> _What needs to be done_
Return the lines below exactly, from the first line to the line that contains "安丘博阳机械食品箱全自动码垛". Leave out pictures.

[Items listed in a dataset]
*** Begin section ***

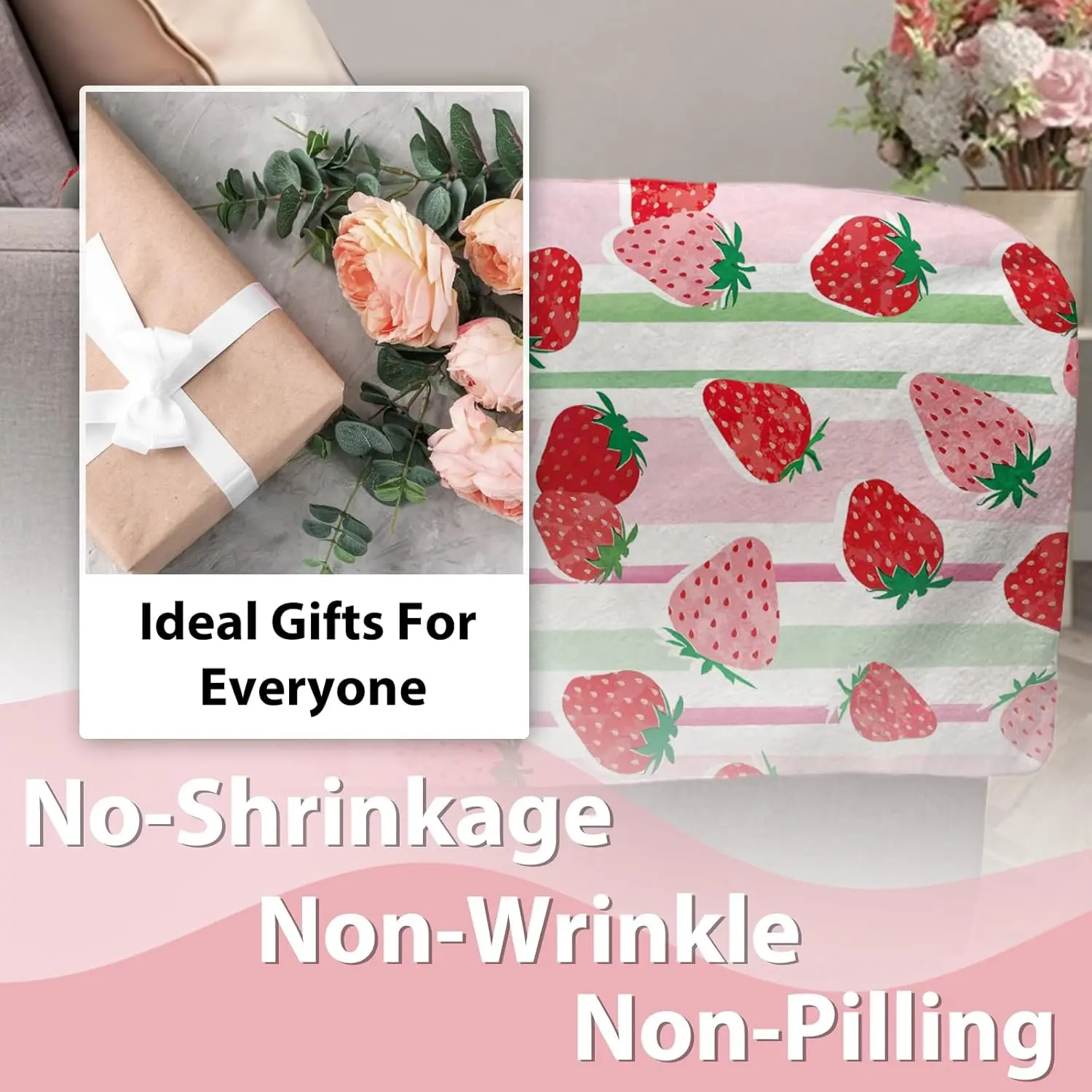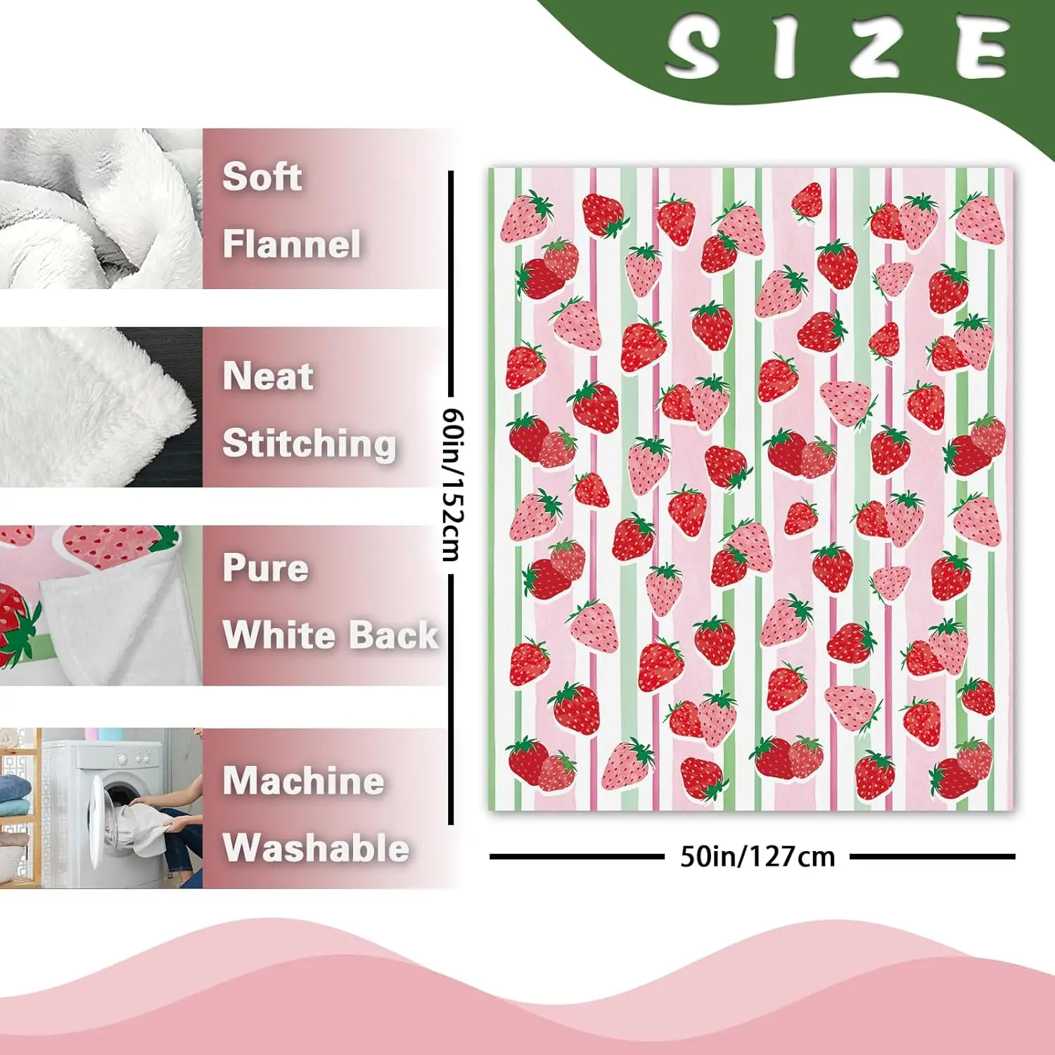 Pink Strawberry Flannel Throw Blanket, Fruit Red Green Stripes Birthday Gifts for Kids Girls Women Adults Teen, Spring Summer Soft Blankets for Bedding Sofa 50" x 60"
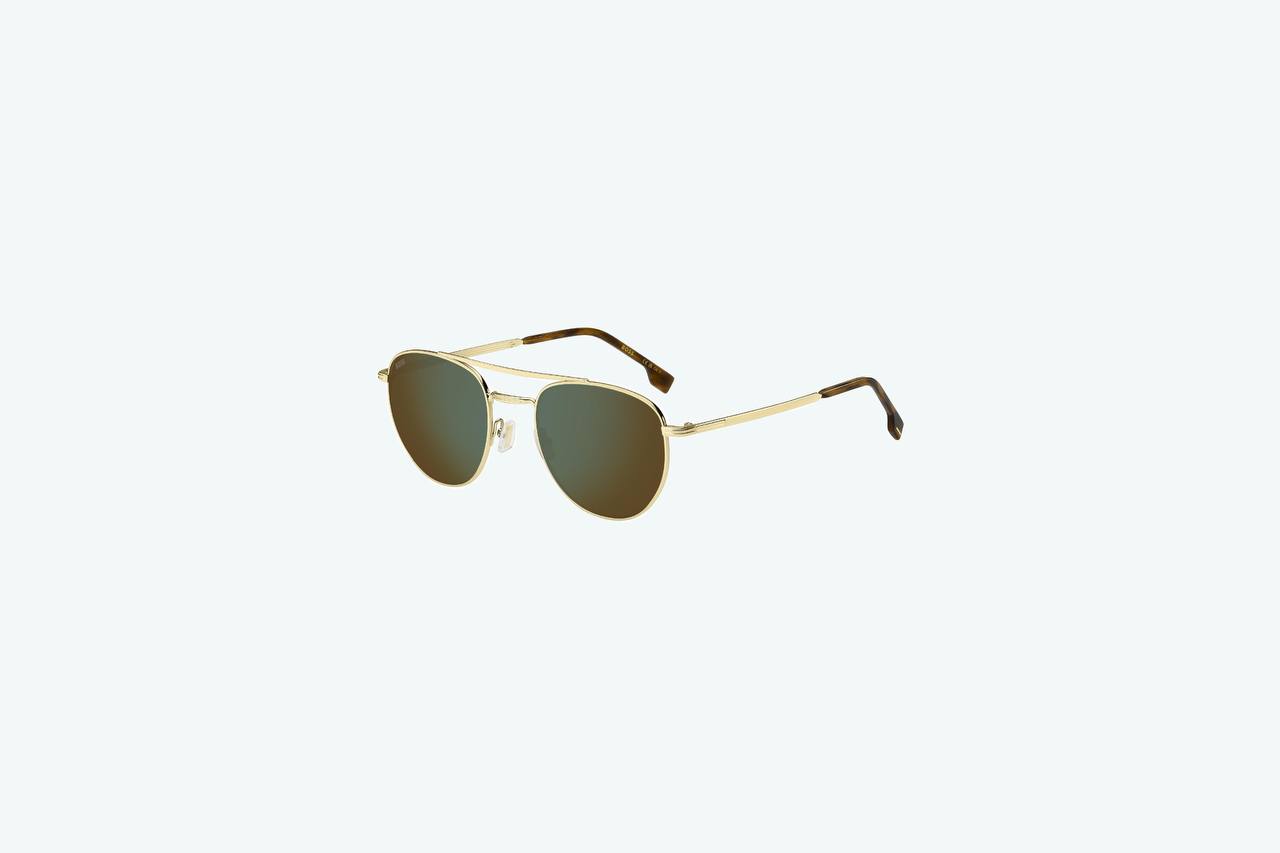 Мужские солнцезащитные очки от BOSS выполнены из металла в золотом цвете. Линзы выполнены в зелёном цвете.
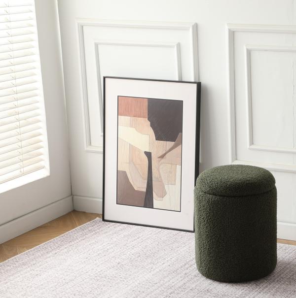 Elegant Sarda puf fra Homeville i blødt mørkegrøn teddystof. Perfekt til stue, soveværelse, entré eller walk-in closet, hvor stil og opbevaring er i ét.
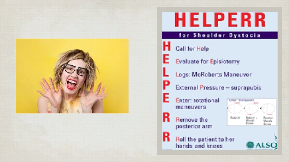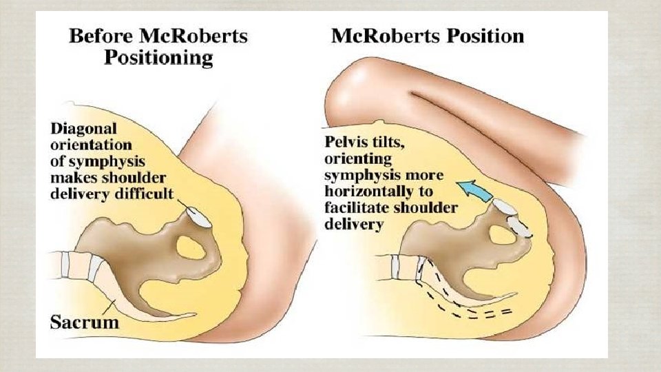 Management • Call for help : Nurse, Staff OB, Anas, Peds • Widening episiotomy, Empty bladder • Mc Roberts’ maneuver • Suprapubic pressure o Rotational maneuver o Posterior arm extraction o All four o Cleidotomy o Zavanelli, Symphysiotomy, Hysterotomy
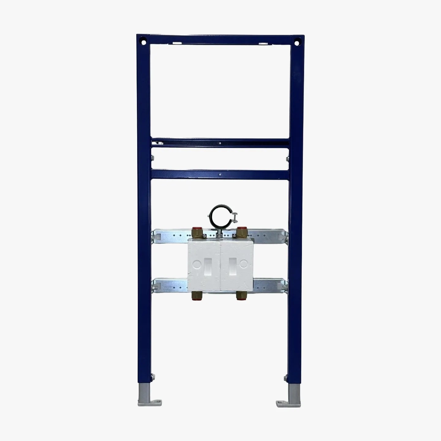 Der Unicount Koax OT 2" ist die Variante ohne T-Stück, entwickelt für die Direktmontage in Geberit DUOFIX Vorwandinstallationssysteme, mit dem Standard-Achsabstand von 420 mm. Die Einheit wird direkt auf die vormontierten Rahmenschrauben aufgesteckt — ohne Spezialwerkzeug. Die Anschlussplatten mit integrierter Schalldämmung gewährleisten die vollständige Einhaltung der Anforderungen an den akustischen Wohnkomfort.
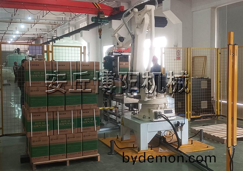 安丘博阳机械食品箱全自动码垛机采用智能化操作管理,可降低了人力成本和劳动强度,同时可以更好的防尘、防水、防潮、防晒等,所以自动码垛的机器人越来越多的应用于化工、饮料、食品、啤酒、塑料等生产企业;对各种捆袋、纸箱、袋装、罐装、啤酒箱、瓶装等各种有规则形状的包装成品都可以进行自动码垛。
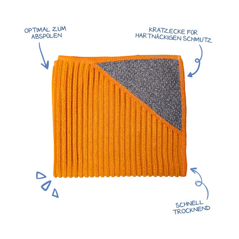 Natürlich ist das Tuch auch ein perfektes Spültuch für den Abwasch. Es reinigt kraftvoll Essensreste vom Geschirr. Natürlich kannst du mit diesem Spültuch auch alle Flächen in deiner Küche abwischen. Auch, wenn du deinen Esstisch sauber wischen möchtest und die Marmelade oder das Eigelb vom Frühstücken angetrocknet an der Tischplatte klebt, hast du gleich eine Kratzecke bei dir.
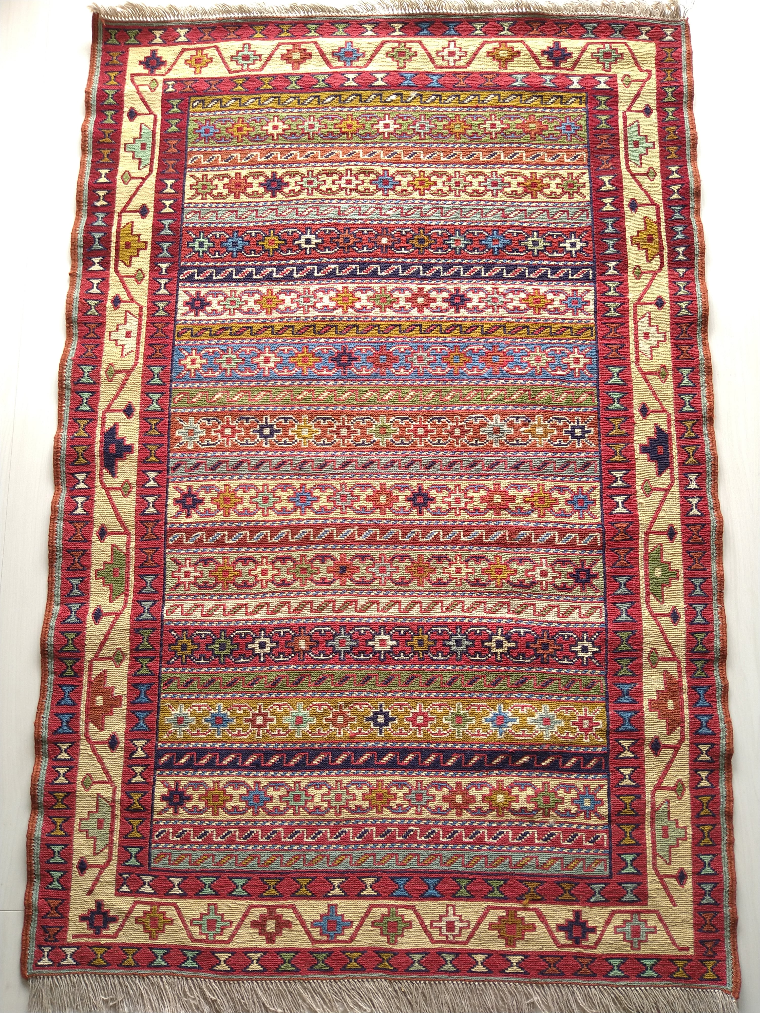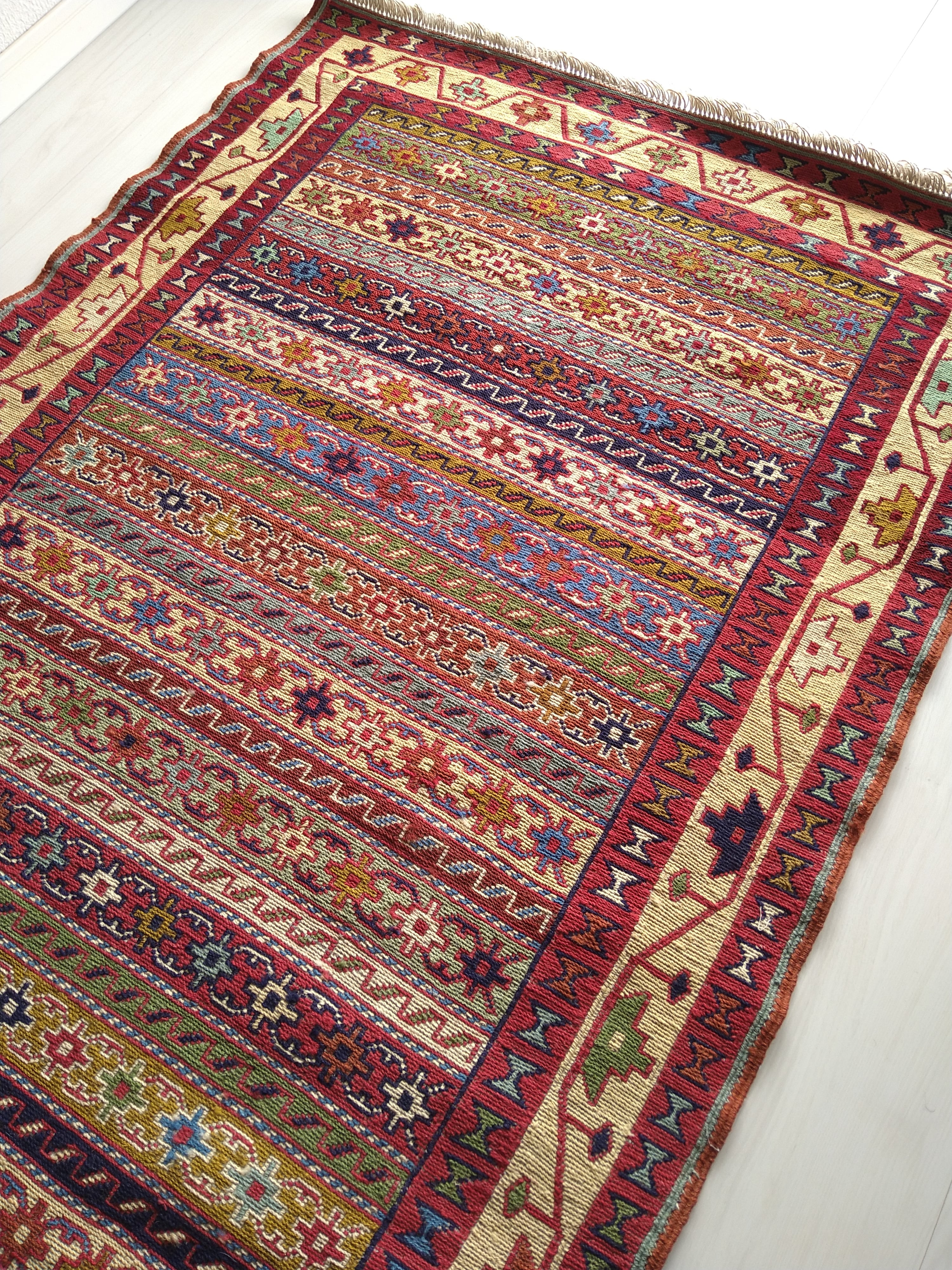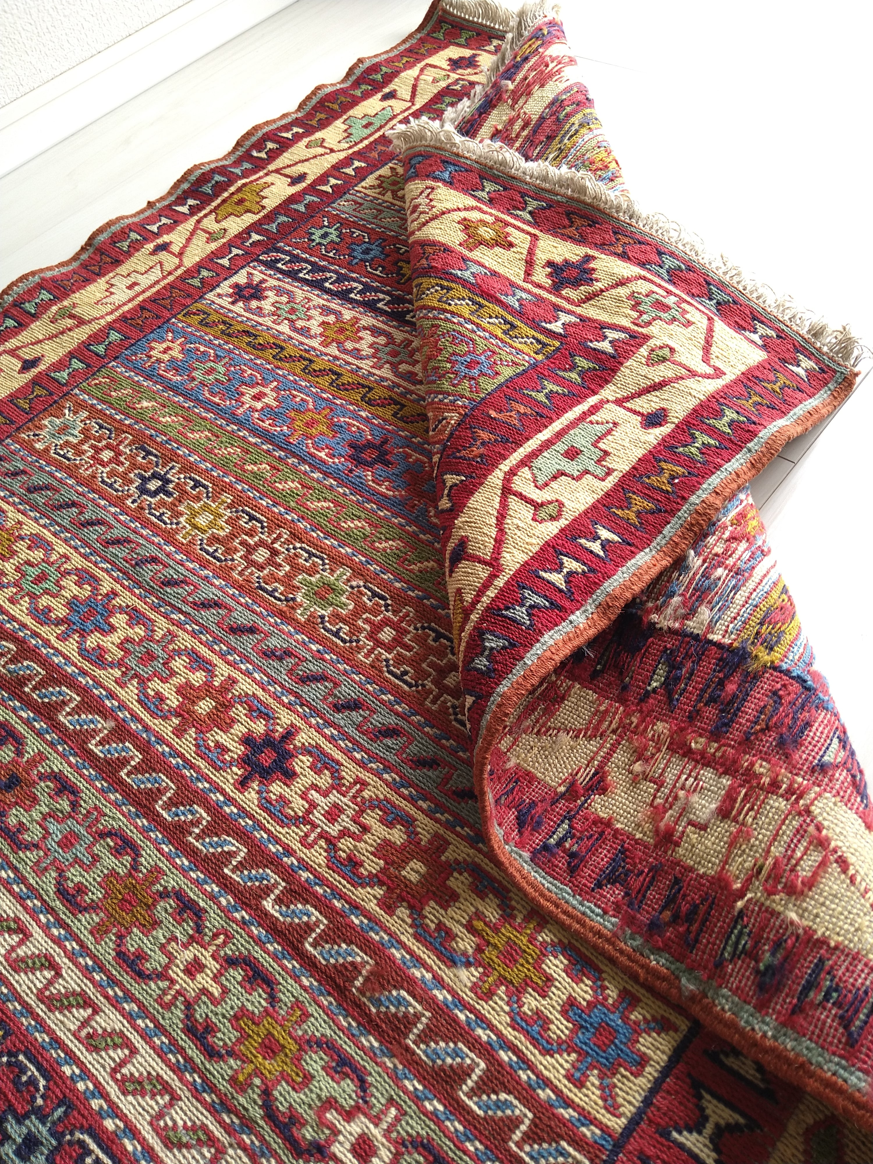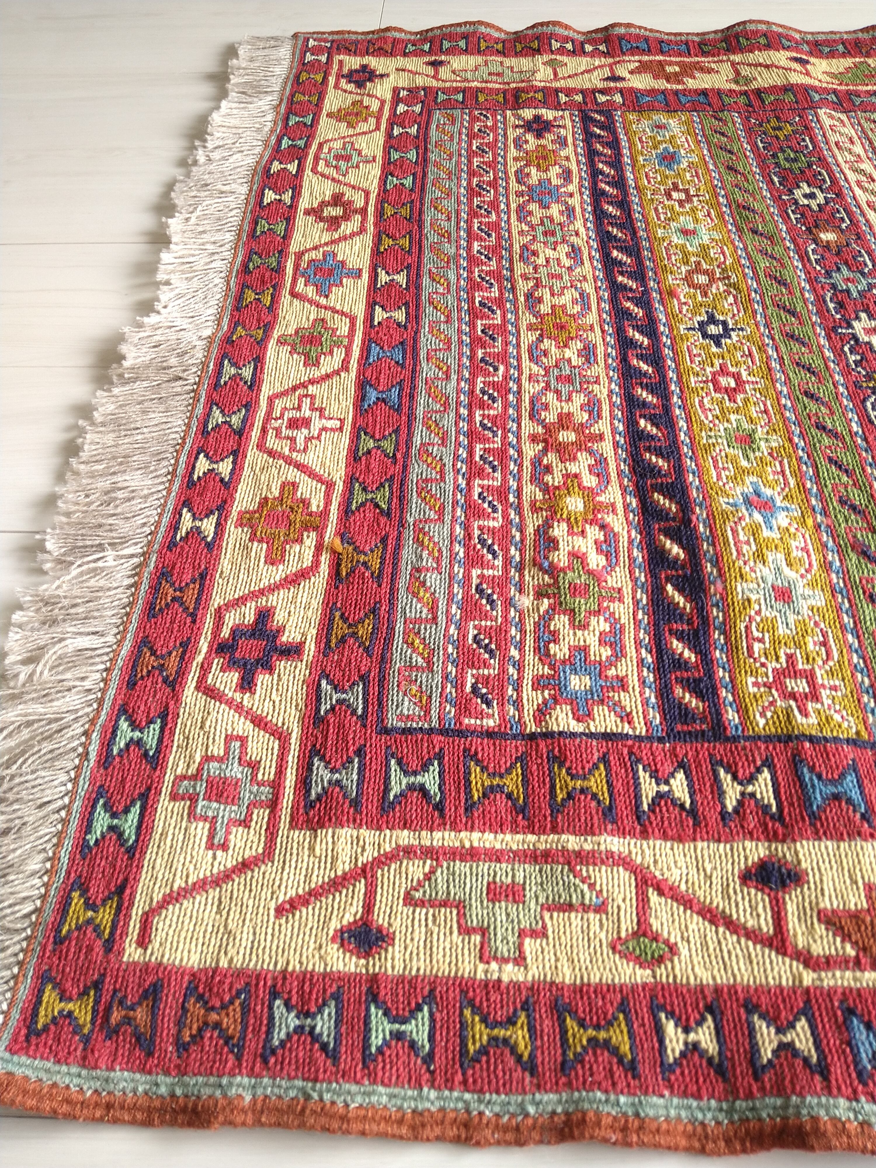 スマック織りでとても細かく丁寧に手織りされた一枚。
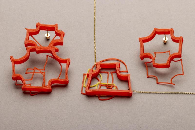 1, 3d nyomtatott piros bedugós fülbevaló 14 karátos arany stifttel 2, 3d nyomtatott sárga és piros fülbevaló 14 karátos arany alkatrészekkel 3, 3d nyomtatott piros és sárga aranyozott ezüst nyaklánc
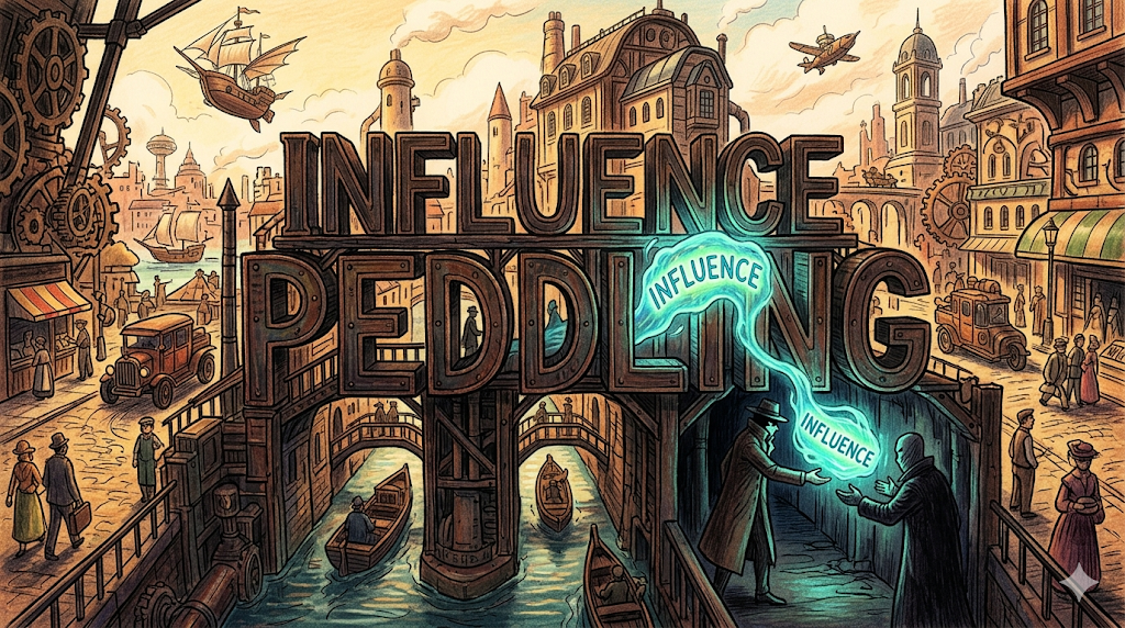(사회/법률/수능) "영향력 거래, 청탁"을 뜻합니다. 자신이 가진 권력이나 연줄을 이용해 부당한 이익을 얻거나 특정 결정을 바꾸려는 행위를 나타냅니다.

*** End section ***

> _Task answer_
 Pink Strawberry Flannel Throw Blanket, Fruit Red Green Stripes Birthday Gifts for Kids Girls Women Adults Teen, Spring Summer Soft Blankets for Bedding Sofa 50" x 60"
 Мужские солнцезащитные очки от BOSS выполнены из металла в золотом цвете. Линзы выполнены в зелёном цвете.
 Elegant Sarda puf fra Homeville i blødt mørkegrøn teddystof. Perfekt til stue, soveværelse, entré eller walk-in closet, hvor stil og opbevaring er i ét.
 Management • Call for help : Nurse, Staff OB, Anas, Peds • Widening episiotomy, Empty bladder • Mc Roberts’ maneuver • Suprapubic pressure o Rotational maneuver o Posterior arm extraction o All four o Cleidotomy o Zavanelli, Symphysiotomy, Hysterotomy
 Der Unicount Koax OT 2" ist die Variante ohne T-Stück, entwickelt für die Direktmontage in Geberit DUOFIX Vorwandinstallationssysteme, mit dem Standard-Achsabstand von 420 mm. Die Einheit wird direkt auf die vormontierten Rahmenschrauben aufgesteckt — ohne Spezialwerkzeug. Die Anschlussplatten mit integrierter Schalldämmung gewährleisten die vollständige Einhaltung der Anforderungen an den akustischen Wohnkomfort.
 安丘博阳机械食品箱全自动码垛机采用智能化操作管理,可降低了人力成本和劳动强度,同时可以更好的防尘、防水、防潮、防晒等,所以自动码垛的机器人越来越多的应用于化工、饮料、食品、啤酒、塑料等生产企业;对各种捆袋、纸箱、袋装、罐装、啤酒箱、瓶装等各种有规则形状的包装成品都可以进行自动码垛。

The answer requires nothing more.